Cassandra— only appearing in two scenes, she raves prophetically at her fathers and brothers.  This is the familiar Cassandra of the Iliad, serving as doomed seer.  Her only connections seem to be with the rest of the Trojan royals.

Priam— the king of Troy is painted as weary of the war, but resolved to see the conclusion.  Priam in this play is not much of a father, really, except in his taking pride in his children…male children anyway.

Ajax— Ajax is big, dumb, and proud.  He yields his reticence much more easily than Achilles does, and is rather easily manipulated by Ulysses’ machinations.

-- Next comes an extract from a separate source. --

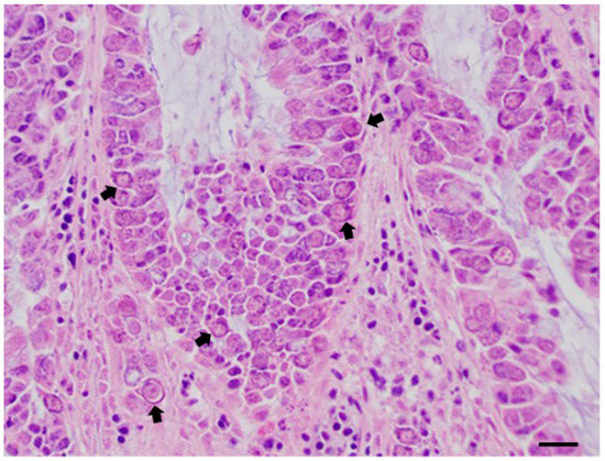 Jejunal mucosa of little owl (A. noctua); chronic inflammatory infiltrate in an interstitial diffuse form, associated with the large presence of apicomplexan protozoa in the epithelium (various stages of the life cycle—arrows) or inside macrophages interspersed in the intestinal wall. H&E; scale bar = 100 µm.
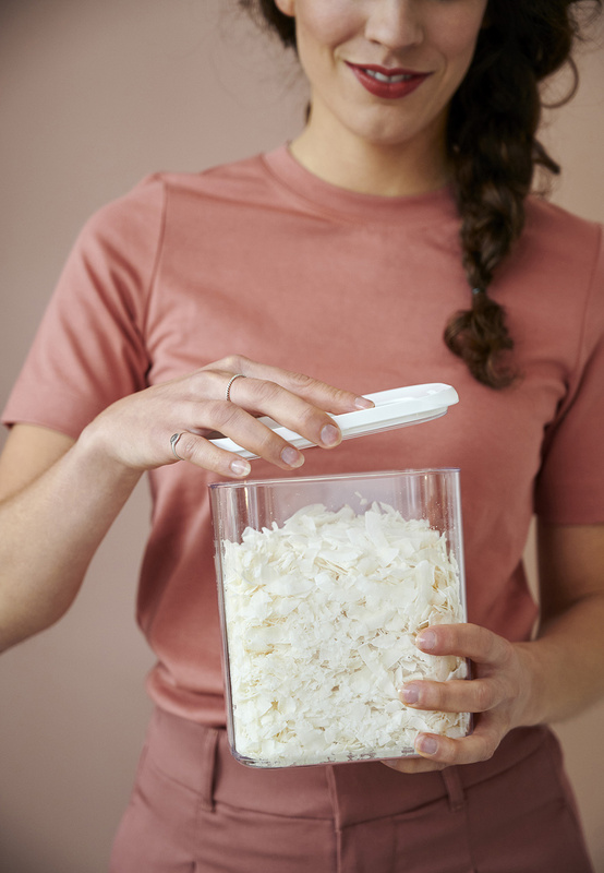 - Szczelna pokrywa zapobiega rozproszeniu zapachów na inne produkty.

Thersites— he’s cunning, he devilish (even purporting to be in league with Satan himself), and he’s remarkably foul-mouthed.  But in the end, Thersites is a Fool, a cowardly servant who comments constantly and unrestrainedly on the war around him.  Also, he has a bit of a voyeuristic streak, tagging along after everyone in Act Five…especially wounded Troilus.

Aeneas— the power structure of Troy is revealed through Aeneas, who is treated with respect as a general but must still be subservient to the House of Priam.  Like Ulysses, he does not, as a character, give much indication of his further adventures.